Recovery sure is a slow process, huh? I'm just glad all my friends are patient with how ethereal my existence tends to be, like above LOL. But I guess I've just always been that way too, "disappearing" and "appearing" at will, it's like this weird way of fulfilling how much I just want to be a concept rather than a person... LOL but anyways...

It's already October, and I can safely say I think I spent most of this year falling down a hill, so maybe I can spend the rest of it climbing back up... or at least start doing that next year.

I want to become a little less scared of the world, so let's work on that.

On a more fun topic, it's Halloween month, so you know what that means... literally the WORST time for my wallet, all the goth fashion and aesthetic decorations are out in full swing and it's taking every ounce of my energy not to impulse buy. I've recently started decorating my bathroom to be more gothic and it's slowly coming together! I have enough "vampire blood" soap bottles to last a year or so LOL... I also bought this raven in a globe that has little bats that circle around it when you turn it on, it's verrrry cute. I don't go out very often, but when I do lately I've been kind of spoiling myself and I should really stop doing that... Maybe if I open commissions again though...
I'm a little anxious, and don't quite feel like putting my thoughts together, so I'll talk about something else, something I mentioned wanting to talk about in an earlier entry!

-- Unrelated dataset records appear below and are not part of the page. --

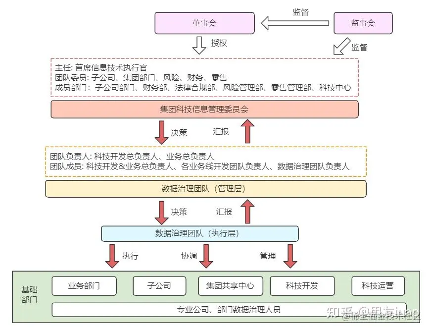 企业数据治理体系除了在技术方面的实施架构,还需要管理方面的组织架构支撑。一般在数据治理建设初期,集团会先成立数据治理管理委员会。从上至下由决策层、管理层、执行层构成。决策层决策、管理层制定方案、执行层实施。层级管理、统一协调。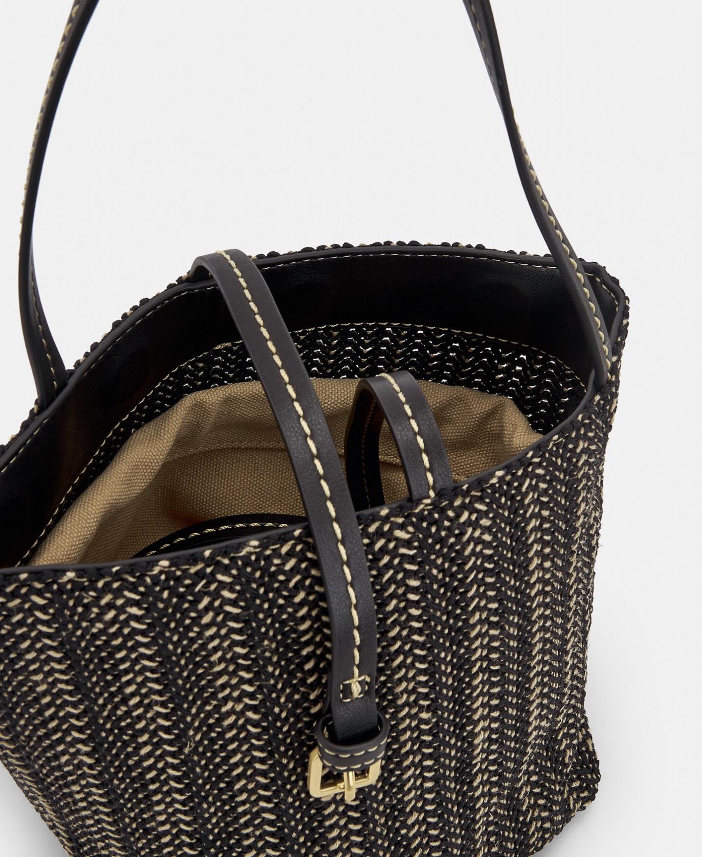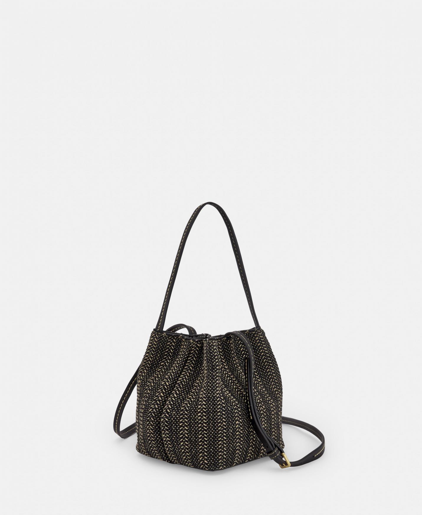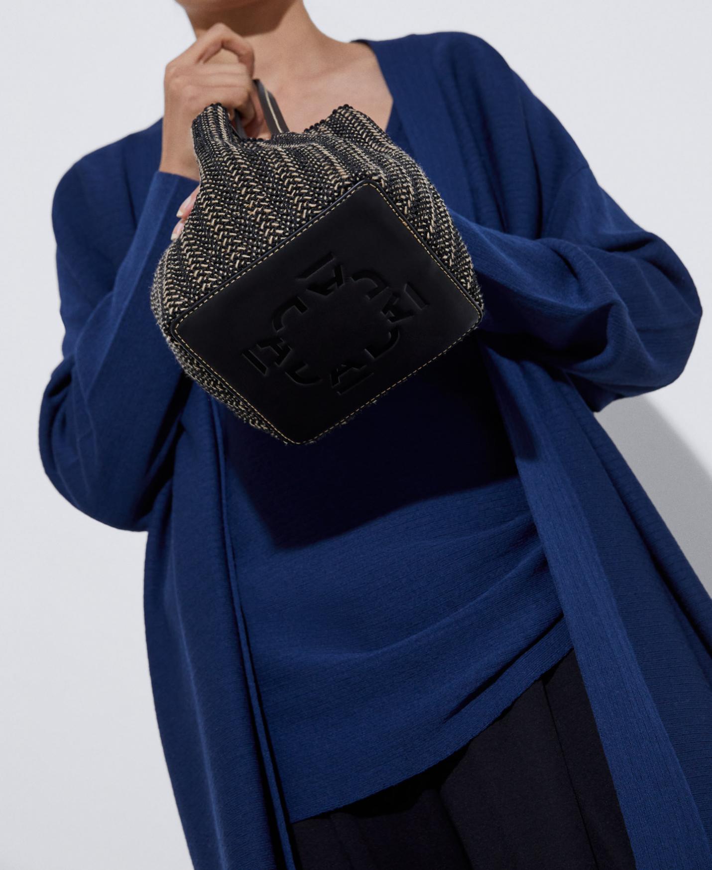 Bolso pequeño en rafia de poliéster reciclado y yute. Tiene un compartimento transformable en saco o capazo por cierre magnético. Base cuadrada logotipada, con asa corta de mano y larga regulable. Bolsa interior en algodón reciclado.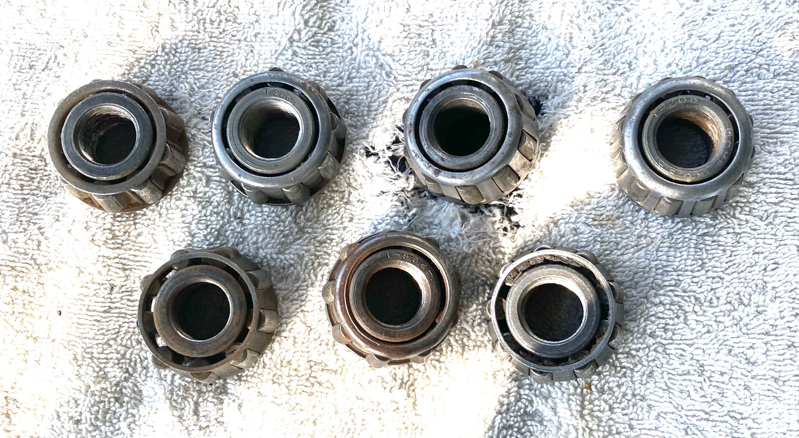Used. Superficial rust while on the shelf. Washed in gasoline. No bench wire brush or sandblast. Upper left, lower left and lower right Timkin 09075. Rest no markings.

What Pokemon means to me, and how I got into it!
I mean, it's not a new topic, right? LOL. Everyone has their own story about why Pokemon is important to them, and for most everyone it banks off of our childhood nostalgia-- which is pretty much the same for me. I don't have the clearest memory, but I think I was about 6 or turning 7 years old when I first got a real interest in the series. My first exposure was watching the anime every morning before school started. The passage of time escapes me, but this was around the Hoenn arc and before D/P started airing for sure... But I could be wrong on which, I don't really follow the anime anymore. I had a Gameboy (SP) but I played some really random games, like a Disney princess platformer and some other off the wall RPGs, and I only learned Pokemon had video games when I saw my older sister playing Pokemon Emerald.
I really, REALLY wanted to try it, and I begged her to let me borrow it and she never let me-- even after she stopped playing it entirely. Now that I think about it, next time I visit home I'm going to look for it, even though I have my own copy of Emerald now. LOL

Even before I started playing Pokemon though, I would collect what I could of the TCG and trade with a few kids in the schoolyard. I even started to draw (awfully) Pokemon cards and give them to other kids, they always thought my art was cool, even at that age. LMAO

Anyways.
I put this desire to play Pokemon on the backburner till about Christmas of 2006, and my parents must have caught wind of me begging for my sister's copy of Emerald, because under the tree were copies of Diamond and Pearl just for me! I was super excited and started playing literally the day after Christmas, I popped Diamond in first because blue was my favorite color at the time. My first starter ever was a female Piplup, and because of this it took me quite a while into my Pokemon career to learn female starters were rare LMAO.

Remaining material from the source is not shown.